Woody Allen's latest film certainly proves one thing, over and over again: It's not interesting to watch an ensemble drama about imbeciles. You can throw great actors at the script, make sure your lighting team is punctual and professional, but if the end product celebrates the foibles of idiots, what are you left with? You're left with nothing. The acting is clearly top-notch, but there isn't one character to emotionally invest in, not one person who comes on screen that makes you think, "Ah, what will this wild card get up to next?" In making a film about "real life" Woody Allen has stocked his film with the unremarkable and irredeemable. Fiddlesticks.
Naomi Watts is unhappily married to Josh Brolin. She's the assistant to Antonio Banderas, who runs an art gallery, who is also unhappily married. Watts' mother, played by Gemma Jones, is recently separated from her husband, played by Anthony Hopkins. They were unhappily married. Freida Pinto lives across the street from Brolin and Watts, and she's engaged ... but she might be having problems in her relationship. That's four examples of co-mingling, none of which are happy. But wait! If you wait long enough, at least three more relationships within the aforementioned groupings will go sour. Something to look forward to!
The issue here is not that stories of emotional trauma can't be interesting or well done, the issue here is that you want to see these people in psychic pain, because they all make all the wrong choices. To cheer for these rubes would be to cheer for the fool who runs onto the field at a sporting event. He just wants attention, only he doesn't know how to get it, or the appropriate format to get it in. That's every single person in this movie, so how can you pull for them? To root for these clueless folk is a bridge too far for even the most empathetic audience member.

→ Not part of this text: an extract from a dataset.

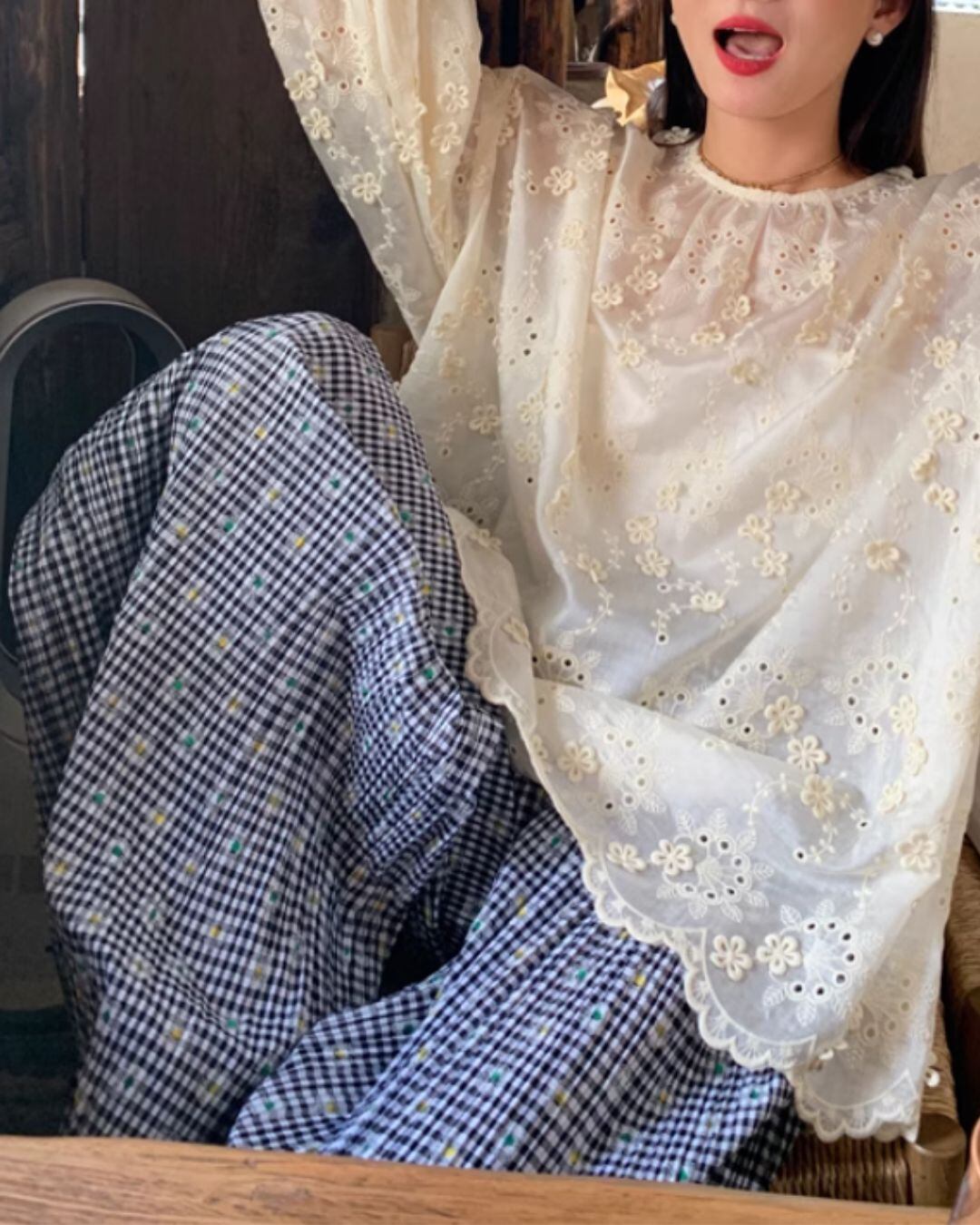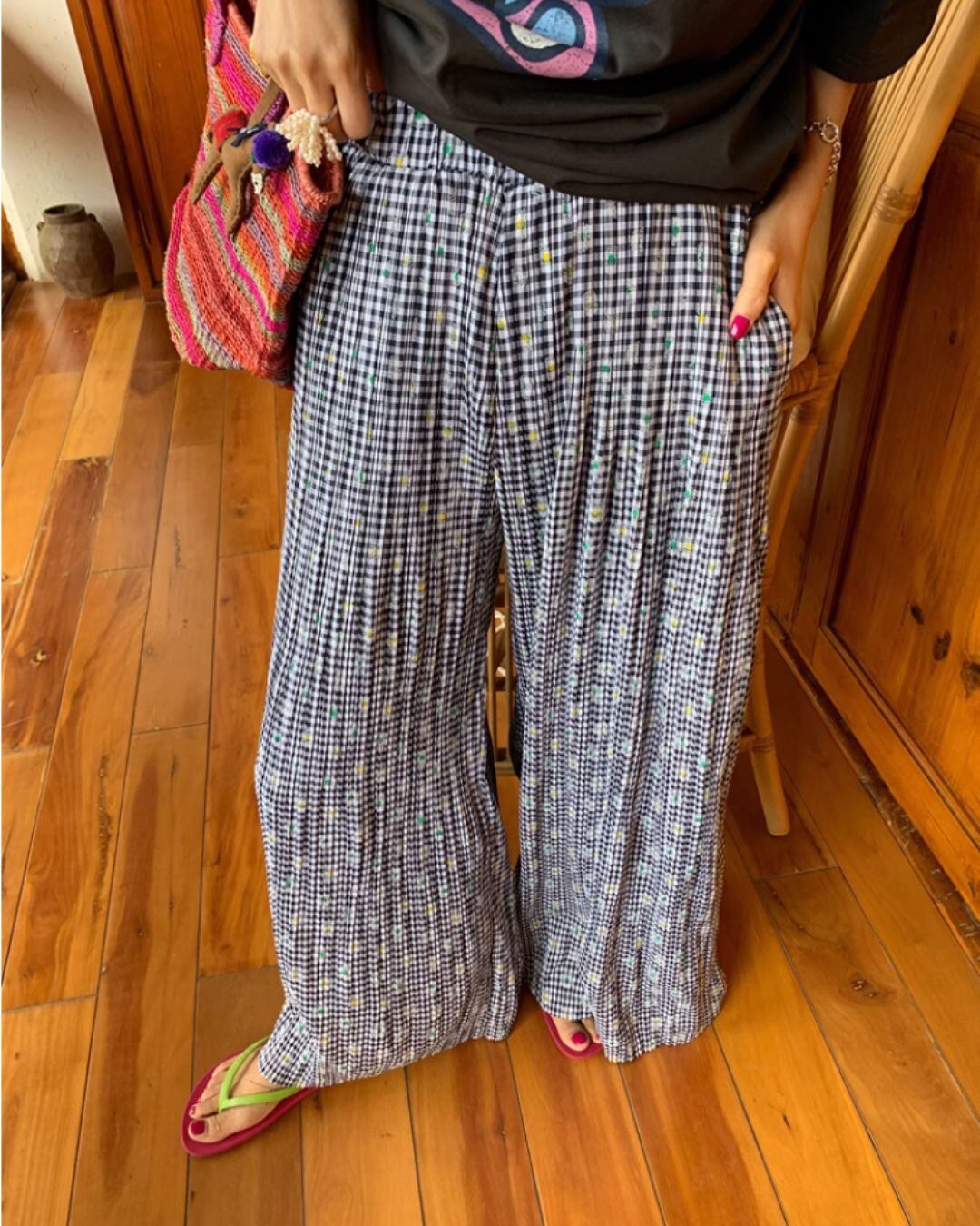 心地よいワイドシルエットとハイウエストデザインが魅力のパンツ。ギンガムチェック柄が、さりげなく個性を演出します。

In fairness, there a few moments of wry humor presented in You Will Meet a Tall Dark Stranger, and credit must be given on that front. The film seems like Arrested Development gone dramatic, up to and including a central character saying, "I've made a huge mistake." The acting is technically proficient; Watts, Brolin, and Lucy Punch do their absolute best with middling material. Sadly, that's not enough to save the day. At 98 minutes, it's too long by half, as we don't need more than a few minutes in the company of a person flailing about, wildly gesticulating, and forgetting to intake oxygen to know we should call for help. Then we should get back to living our lives.